Среди других особенностей прямой речи отметим выборочно практикуемую и не сразу заметную манеру не давать ясного, или даже какого бы то ни было, указания на то, кто что из участников диалога говорит, да и кто участники, не всегда понятно. И не все то диалог, что обозначается как диалог: может оказаться монологом, диалогом с собой или размышлением про себя – все они выглядят одинаково. В частности, читателю надо освоиться с тем, что единое высказывание одного и того же персонажа может изображаться как диалог – каждые два-три слова начитаются с красной строки и тире (и, конечно, заключены в кавычки):
– «Обо всем – так-с, так-с...»
– «Надо будет...»
– «Навести точнейшую справку...»[11]
Как диалог оформляется и приступ молчаливого самобичевания:
– «Водка?»
– «Курение?»
– «Сладострастные чувства?»[12]
Распознать микромонолог внутри диалога не всегда легко:
– «Полноте: мне так же трудно, как вам...»

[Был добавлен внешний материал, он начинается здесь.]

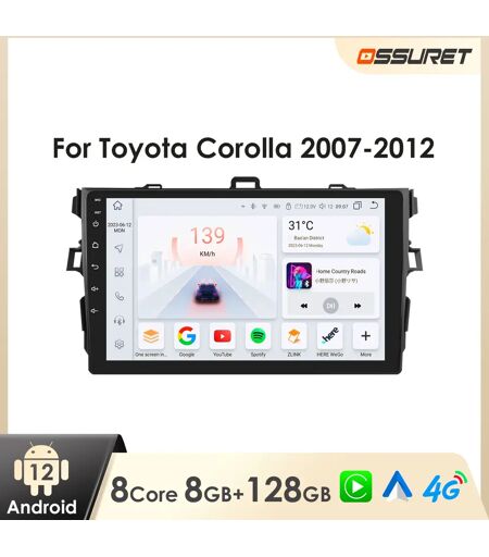 OSSURET Autoradio Android per Toyota Corolla 2007 2008 2009 2010 2011 Carplay Android auto Stereo Audio Multimedia 2Din Head Unit Player

– «И что таиться, товарищ?..»
– «Я сюда пришел не для шуток...»
– «Разве нам не надо условиться?..»
...........................................................................
– «?»
...........................................................................[13]

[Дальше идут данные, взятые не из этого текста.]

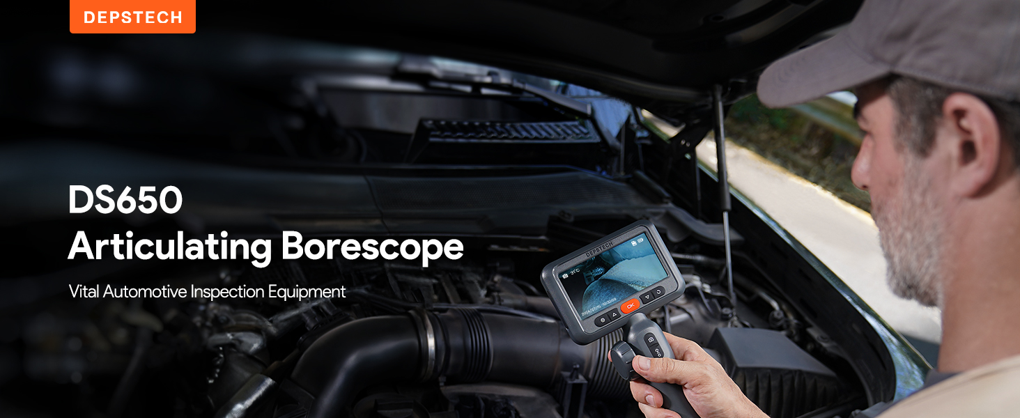 【Smart Guidance & Ergonomic Design】Designed for both experts and beginners, the DS650 articulating borescope features intuitive step-by-step guidance. Its ultra-slim 0.33" probe accesses tight spaces effortlessly, while the ergonomic joystick grip ensures comfort and precision during extended use

По контексту можно догадываться, что все четыре (произнесенные) фразы должны принадлежать одному Павлу Яковлевичу, но гарантии нет. Подача высказываний в таком виде все-таки есть однозначное и вполне официальное обозначение диалога – обмена репликами между разными персонажами. И это произносится во время разговора двух собеседников. И фразы не выстраиваются в начало-продолжение-окончание связного высказывания.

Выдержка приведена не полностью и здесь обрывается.